Labatilla
Imagine a group of beetles happily gathering on a moss-covered rock, when they were suddenly sucked in by the beak of a long-necked, slender-necked dinosaur ancestor. Rest in peace… The good news was that through a complex combination of luck and microbial activity, their little corpses were frozen in time. And after more than 200 million years, a group of scientists found it while searching in fossilized feces.
Bor Eli Chichit / The New York Times
These coprolites, as they are called, can provide insights with an extraordinary level of detail about long-vanished ecosystems, according to new research published in Current Biology. A team of researchers has found nearly intact beetles, already extinct, unknown to science, hanging inside a piece of Triassic faeces.
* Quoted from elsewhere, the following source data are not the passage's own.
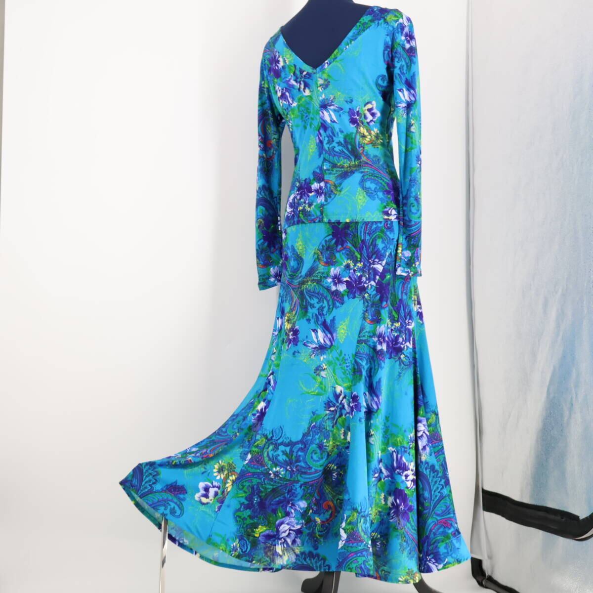 【美品 日本製 社交ダンス衣装】ブルー Chacott チャコット 上下セット セットアップ ツーピース 青 緑 長袖 緑 パーティ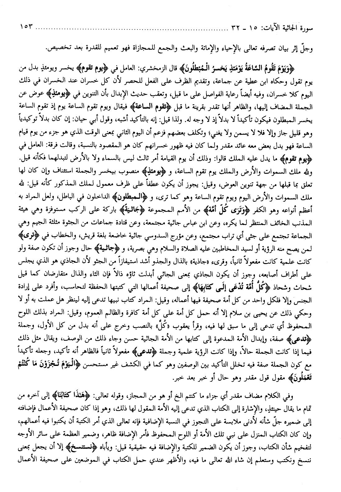 ولله ملك السموات والأرض والملك يوم تقوم الساعة، ويَوْمَئِذٍ منصوب بيخسر والجملة استئناف وإن كان لها تعلق بما قبلها من جهة تنوين العوض، وقيل: يجوز أن يكون عطفا على ظرف معمول لملك المذكور كأنه قيل: لله ملك السموات والأرض اليوم ويوم تقوم الساعة وهو كما ترى، والْمُبْطِلُونَ الداخلون في الباطل، ولعل المراد به أعظم أنواعه وهو الكفر وَتَرى كُلَّ أُمَّةٍ من الأمم المجموعة جاثِيَةً باركة على الركب مستوفزة وهي هيئة المذنب الخائف المنتظر لما يكره، وعن ابن عباس جاثية مجتمعة، وعن قتادة جماعات من الجثوة مثلثة الجيم وهي الجماعة تجتمع على جثى أي تراب مجتمع، وعن مؤرج السدوسي جاثية خاضعة بلغة قريش، والخطاب في تَرى لمن يصح منه الرؤية أو لسيد المخاطبين عليه الصلاة والسلام وهي بصرية، وجاثِيَةً حال وجوز أن تكون صفة ولو كانت علمية كانت مفعولا ثانيا، وقرىء «جاذية» بالذال والجذو أشد استيفازا من الجثو لأن الجاذي هو الذي يجلس على أطراف أصابعه، وجوز أن يكون الجاذي بمعنى الجاثي أبدلت ثاؤه ذالا فإن الثاء والذال متقارضان كما قيل شحاث وشحاذ كُلُّ أُمَّةٍ تُدْعى إِلى كِتابِهَا إلى صحيفة أعمالها التي كتبتها الحفظة لتحاسب، وأفرد على إرادة الجنس وإلا فلكل واحد من كل أمة صحيفة فيها أعماله، وقيل: المراد كتاب نبيها تدعى إليه لينظر هل عملت به أو لا وحكي ذلك عن يحيى بن سلام إلا أنه حمل كل أمة على كل أمة كافرة والظالم العموم، وقيل: المراد بذلك اللوح المحفوظ أي تدعى إلى ما سبق لها فيه، وقرأ يعقوب «كلّ» بالنصب وخرج على أنه بدل من كل الأول، وجملة تُدْعى صفة، وإبدال الأمة المدعوة إلى كتابها من الأمة الجاثية حسن وجاء ذلك من الوصف، ويقال مثل ذلك فيما إذا كانت الجملة حالا، وإذا كانت الرؤية علمية وجملة تُدْعى مفعولا ثانيا فالظاهر أنه تأكيد، وجعله تأكيدا مع كون الجملة صفة فيه تخلل التأكيد بين الوصفين وهو كما في الكشف غير مستحسن الْيَوْمَ تُجْزَوْنَ ما كُنْتُمْ تَعْمَلُونَ مقول قول مقدر وهو حال أو خبر بعد خبر.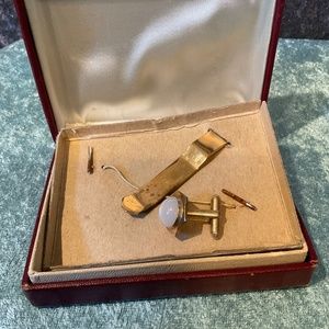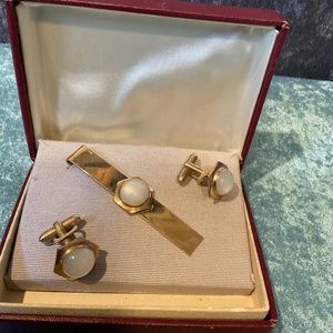 Vintage Boxed Set Gold and White French Cuff Links and Tie Tack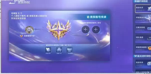 1、V10贵族新增的【传承】特效,可以绑定一个好友,被绑定的好友可以获得改V10贵族账户上的英雄、皮肤、星传说使用权,且解锁一个特殊的贵族徽章。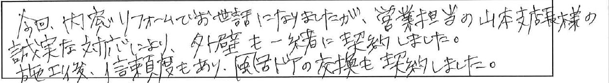 今回は内窓リフォームでお世話になりましたが、営業担当の山本支店長様の誠実な対応により、外壁も一緒に契約しました。施工後、信頼度もあり、風呂のドアの交換も契約しました。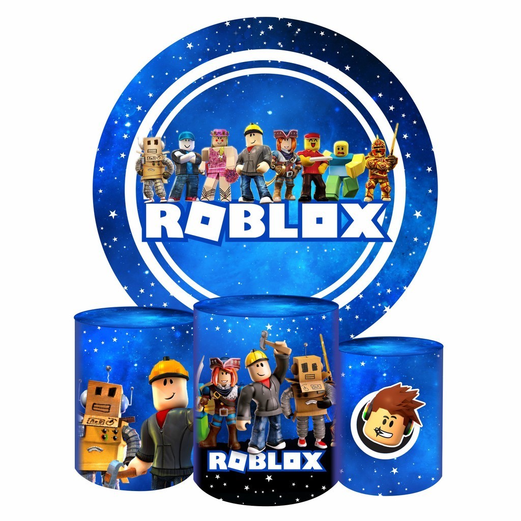 Kit Painel Redondo e Cilindro Capas Festa Roblox Decoração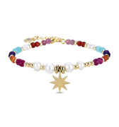 "Shasha-Armband aus 925er Sterlingsilber und mehrfarbigem Kristall mit einer Vergoldung aus 18 Karat Gelbgold. Trendy repräsentiert die Schlüsseltrends in der Modewelt. Unsere spontanste Linie, mit einem ausgeprägten Boho-Charakter und modernem Geist, konzentriert sich auf Schmuckstücke voller Farbe, bei denen der Einsatz von Natursteinen und Designs in Form von Amuletten und Talismane hervorsticht."

Scientists suspect the fecal material belongs to Silesaurus opolensis, a close relative of dinosaurs that lived about 230 million years ago, though it’s difficult to identify once separated from its point of origin.
“We decided to look at coprolites to try to understand who was eating who in this ecosystem,” explained the paper’s lead author, Martin Kvarnström, a paleontologist at Uppsala University in Sweden. “And in one of the fragments of the coprolite, all these beetles appeared.”
Coprolites were collected near the village of Krasiejów in southern Poland, in a quarry where the remains of S. opolensis and other higher Triassic vertebrates were dug. At the excavation site, recalls Grzegorz Niedzwiedzki, a co-author and paleontologist at Uppsala University, few other scholars were interested in cobulite; He said many of them are still lying there. However, the inconspicuous structures can act as “miniature coffins” that preserve fragile items such as hair, feathers, and in this case, 3-D insects, for hundreds of millions of years.
“Over time, we have discovered that coprolites can provide fossil evidence of very ancient organisms that would not normally be preserved otherwise,” explained Karen Chin, a paleontologist at the University of Colorado at Boulder, who was not involved in the study.
However, examining the interior of the coprolites can be difficult, Qvarnstrom admitted. So the researchers took these samples to the European Synchrotron Radiation Laboratory in France to scan their contents and make a 3D rendering.
The most difficult task, Qvarnstrom said, is to combine the images that are produced to distinguish what is what. In addition to the beetles, the coprolite contained “little bits of who-knows-what, it’s just small, digested bits of something.”
Other researchers were also surprised by the healthy beetles present in the sample.
“I was shocked at how well these things were preserved,” said Sam Heads, curator of paleontology at the Illinois Natural History Survey, who was not involved in the study.
At first, Qvarnstrom thought the bugs must have climbed up the stool after defecation. But the researchers noted many different stages of “mastication”, so to speak, from almost completely preserved and boiled carcasses to severed heads, wings and other parts, many of which belong to the same class of beetle, which are 1.5 mm long and have the shape of a boat .
The researchers determined that the new species and genus, Triamyxa coprolithica, belonged to an extinct and previously unknown family in a strain of small beetles known as myxophagi, which today tend to live in algae mats. According to the authors, this is the first insect species to be described in the fossilized feces of a vertebrate.
In terms of explaining how some beetles manage to pass through an animal’s intestines and come out almost unscathed, Qvarnstrom thinks there are some possibilities. The beetles were small and may have been sucked up en masse by mistake while collecting on a piece of algae that had been eaten by Cilisaurus opulensis; Its exoskeleton also appears to have protected it a little, as with modern beetles. Qvarnstrom speculated that those who were not chewed died soon. “They didn’t have to choke on their stool.”
Beetles are perhaps the most diverse group of organisms on the planet, and learning more about their early evolution can help researchers understand why they existed, said Martin Vikaczek, co-author and entomologist at National Sun Yat-sen University in Taiwan.
The Triassic period, in which this coprolite was produced, is similar to a black hole in terms of the information we have from the fossil record of insects, Hades said. “The Triassic beetle is a really important find.”
Qvarnstrom said learning more about the diet of dinosaur relatives would also help researchers better understand how these creatures emerged in an ecologically dominant niche.
“If we want to know more about the past, I think it is very important to get all the pieces of the puzzle,” he concluded.